Premier tsar de toutes les Russies, Ivan IV Vassiliévitch, surnommé « le Terrible », règne sur la Russie entre 1547 et 1584. Il marque l’histoire comme l’un des souverains les plus redoutés et les plus énigmatiques. Tyran paranoïaque pour certains, bâtisseur d’État pour d’autres, il incarne l’ambiguïté tragique du pouvoir absolu poussé à son paroxysme.
Ivan IV Vassiliévitch, dit « le Terrible » (1530–1584)
Une enfance dans la peur
Né en 1530, orphelin très jeune, Ivan grandit au Kremlin, au cœur d’un monde de complots et de violences. Délaissé par les boyards (nobles), il développe une profonde méfiance envers les élites. À 16 ans, il se fait couronner « tsar » – un titre nouveau, dérivé du « César » romain, aux résonances impériales et religieuses. C’est le début d’un règne hors normes.
Réformateur puis bourreau
Les premières années de son règne sont étonnamment progressistes : il modernise l’armée, réforme l’administration, codifie les lois et fonde la première imprimerie russe. Il ordonne aussi la construction de la cathédrale Saint-Basile.

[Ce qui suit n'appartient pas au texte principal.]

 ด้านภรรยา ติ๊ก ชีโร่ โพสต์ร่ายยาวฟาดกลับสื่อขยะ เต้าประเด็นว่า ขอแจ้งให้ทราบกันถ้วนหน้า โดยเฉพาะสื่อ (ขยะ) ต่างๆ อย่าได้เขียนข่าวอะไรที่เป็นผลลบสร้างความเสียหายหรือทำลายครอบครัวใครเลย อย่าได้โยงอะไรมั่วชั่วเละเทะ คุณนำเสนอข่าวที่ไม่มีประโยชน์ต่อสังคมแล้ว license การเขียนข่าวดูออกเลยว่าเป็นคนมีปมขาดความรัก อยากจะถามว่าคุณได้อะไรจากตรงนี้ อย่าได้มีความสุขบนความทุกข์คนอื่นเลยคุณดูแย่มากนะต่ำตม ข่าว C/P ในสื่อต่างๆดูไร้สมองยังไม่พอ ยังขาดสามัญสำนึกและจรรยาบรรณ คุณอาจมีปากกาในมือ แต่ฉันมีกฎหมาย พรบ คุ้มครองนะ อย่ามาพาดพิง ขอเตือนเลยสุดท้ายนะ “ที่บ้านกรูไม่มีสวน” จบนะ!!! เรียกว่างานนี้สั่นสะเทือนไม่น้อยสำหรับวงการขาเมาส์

Mais la mort suspecte de son épouse, Anastasia, marque un tournant. Ivan devient convaincu que les boyards l’ont empoisonnée. Sa méfiance se mue en obsession. Le tsar se transforme en tyran sanguinaire. Il crée l’Opritchnina, une police personnelle qui traque, torture et exécute ses ennemis réels ou supposés. La Russie est plongée dans un climat de terreur organisé. Ivan alterne retraites spirituelles et bains de sang, justifiant chaque exécution comme une volonté divine.
La bascule dans la terreur
Après la mort de son épouse, Anastasia, en 1560, Ivan plonge dans la paranoïa. Convaincu d’un complot des boyards, il fonde l’Opritchnina : une police politique qui exécute, torture et terrorise.

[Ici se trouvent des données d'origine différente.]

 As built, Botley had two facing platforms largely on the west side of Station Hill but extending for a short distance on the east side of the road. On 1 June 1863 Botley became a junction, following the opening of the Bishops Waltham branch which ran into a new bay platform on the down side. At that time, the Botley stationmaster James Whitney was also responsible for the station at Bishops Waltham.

En 1570, Ivan soupçonne la ville de Novgorod de trahison. Il y envoie ses Opritchniki qui massacrent plusieurs milliers d’habitants. La ville est ravagée. Femmes, enfants, prêtres sont noyés, pendus ou brûlés. Ivan se présente alors comme le bras vengeur de Dieu. Sa logique devient théologico-politique : purifier la Russie de l’intérieur.
En 1581, une dispute éclate entre Ivan et son fils aîné. Dans un accès de colère, il le frappe à la tempe avec son sceptre. Le jeune homme meurt quelques jours plus tard. La scène, figée par le tableau d’Ilia Répine, reste l’un des symboles les plus poignants de la folie royale. Ivan, inconsolable, ne s’en remettra jamais.

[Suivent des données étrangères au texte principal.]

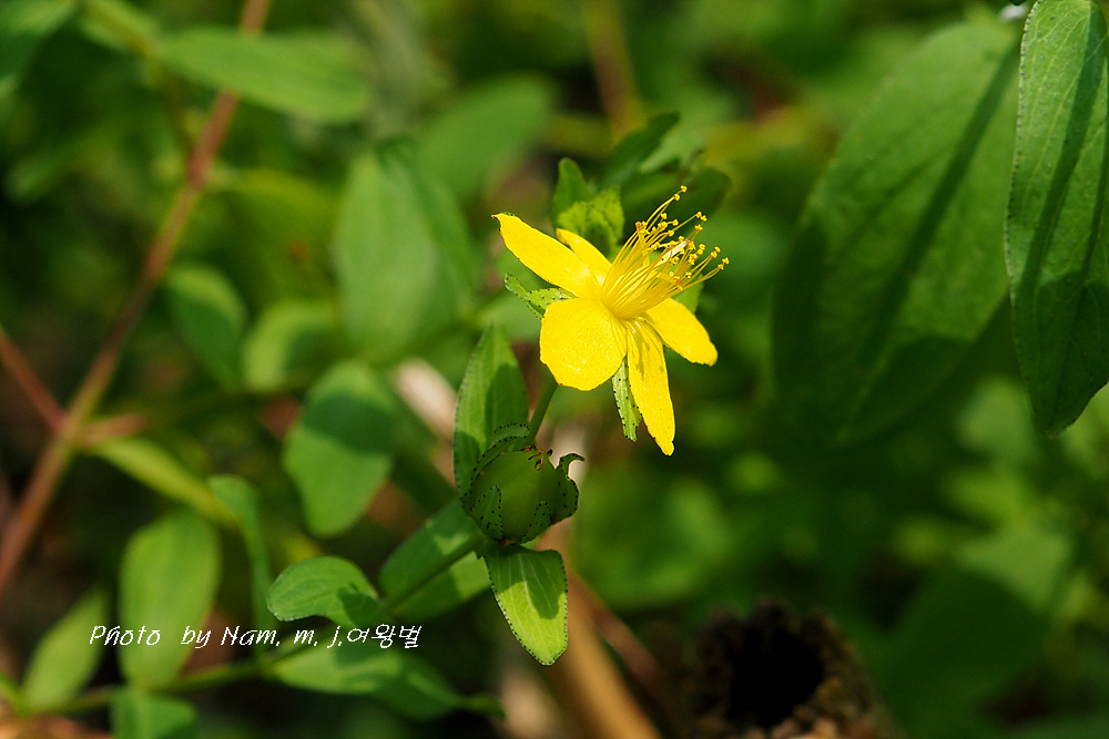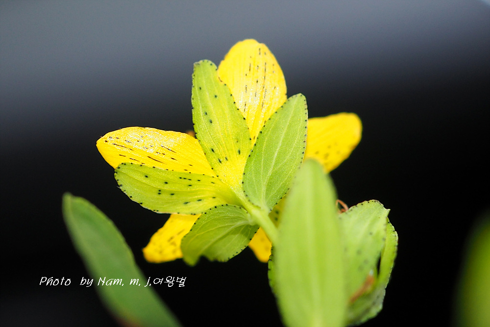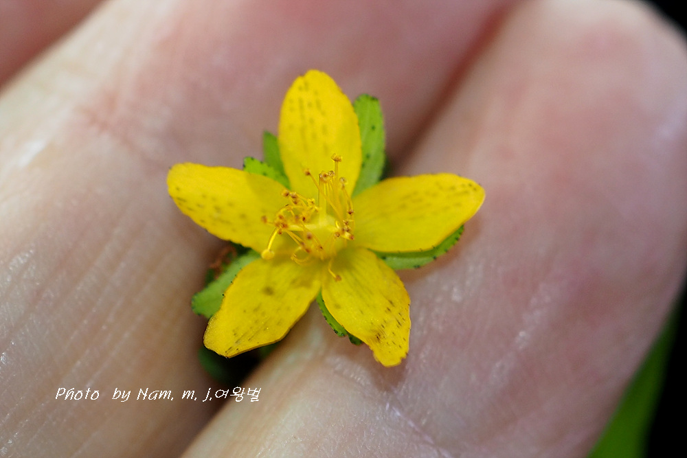 꽃잎은 긴 타원형 또는 주걱 모양으로 길이 7~10mm, 검은 점과 투명한 기름점이 있다.

Ivan le terrible et son fils, le 16 novembre 1581 (tableau de Ilya Repine)
Héritage et ambiguïté
À sa mort en 1584, Ivan laisse un empire centralisé mais fragilisé, sans successeur clair. Son règne ouvre la voie à la « période des troubles ». Pourtant, son image continue de fasciner. Sous Staline, il est réhabilité comme un dirigeant impitoyable mais nécessaire. Encore aujourd’hui, les Russes oscillent entre admiration pour son autorité et horreur pour sa cruauté.

Je suis le tsar et Dieu me juge. Mon courroux est celui du Ciel.
Ivan IV, dit le Terrible
Cathédrale Sain Basile à Moscou
(Flickr,CC BY-SA 2.0)
Anastasia Romanovna, première épouse d'Ivan IV (peinture de George S. Stuart - CC BY-SA 3.0)
Un roi halluciné,
pas simplement fou
Ivan le Terrible ne relève pas d’une pathologie psychiatrique simple. Il incarne un pouvoir devenu hallucinatoire, fondé sur une foi mystique en sa mission, sur la paranoïa, et sur une volonté absolue de contrôle. Il est un avertissement historique : quand le pouvoir se croit divin, il peut engendrer l’enfer sur terre.